Le Buddha, l’éveillé, et combien d’autres, en Orient comme ailleurs, bien que d’une autre tradition, est lui aussi dans le même cheminement.
« Que ma conscience devienne aussi vaste que les cieux, la terre et les peuples, aussi profonde que le désert et l’océan, aussi subtile que les atomes de matière et les pensées du cœur humain »(sic) a dit encore le Voyant.
Tout l’être s’est ouvert à la Lumière, les atomes-énergie sont activés, libérés, l’intelligence, celle du cœur, est là, elle l‘irradie ; c’est la joie dans de constants nouveaux épanouissements et aussi dans la fatigue et les diminutions communes à chaque existence.
Cependant rien ne saura arrêter la Force de l’Esprit, elle est la vraie Vie. Le mystique n’a pas posé un acte de foi, il est dans le présent, l’expérience naturellement.
La Consistance dont parle Teilhard.

Le cercle de l’énergie.
La création ne s’arrête jamais nous dit Teilhard dans son exposé.
« Pour capter un peu plus de l’Energie créatrice, il développe inlassablement sa pensée; il dilate son cœur; il intensifie son activité extérieure. Car la créature doit travailler, si elle veut être créée davantage » dit-il.
L’énergie est généreuse, l’orant fait de terre est tourné vers le ciel, se donne et, miracle de la déité, est comblé; pour lui, d’instants en instants de nouveaux espaces lui sont offerts.
Tu reçois à la mesure que ton don (et bien au-delà), murmure le sage.
Il n’y a pas de limite à l’effort, au travail pour la transparence, la pureté de l’esprit et du cœur, est-il dit encore.

Le cercle de l’esprit.
Il y a un grand mystère qui est « que la Vérité même révélée est jamais acquise une fois pour toute ».
Donc, elle se garde se nourrit, est une vie qu’il faut entretenir dont il faut prendre soin, aider et choyer, Teilhard insiste, tant cela est important, le Voyant est heureux de sa tâche, « de frayer sans arrêt une route à la Pensée et à la Vie»(sic).
Et puis, parvenu au-delà de certaines brumes qui font que les choses seront vues autrement, de façon plus limpides plus lumineuses, le mystique sera tenté d’en oublier la Terre; et Teilhard de préciser:
« Renonce donc à ton égoïsme et à la peur de souffrir.

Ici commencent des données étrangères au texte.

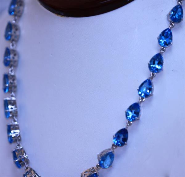 118.5 CTW BLUE TOPAZ PEARSHAPE NECKLACE .925 STERLING S **|**|** 118.5 CTW BLUE TOPAZ PEARSHAPE NECKLACE .925 STERLING SILVER; MAINSTONE 45.90 CTW ; MSRP: $7800

Aime les autres comme toi-même, Dieu attend de toi plus d’ouverture et plus de souplesse, l’Orant corps et âme est devenu une parcelle divine »(page 187).

Le cercle de la personne.
Le voyage dans ce monde étrange le mystique le parcoure.
L’inconnu, le mystère font peur. Le milieu divin le père Teilhard essaie de me le faire comprendre, de me le faire approcher.
« J’ai vu passer une Ombre, quelque chose comme la vapeur d’une âme universelle qui voudrait naitre, je le sens, cette entité mystérieuse a un nom et un visage, Jésus »( page 188).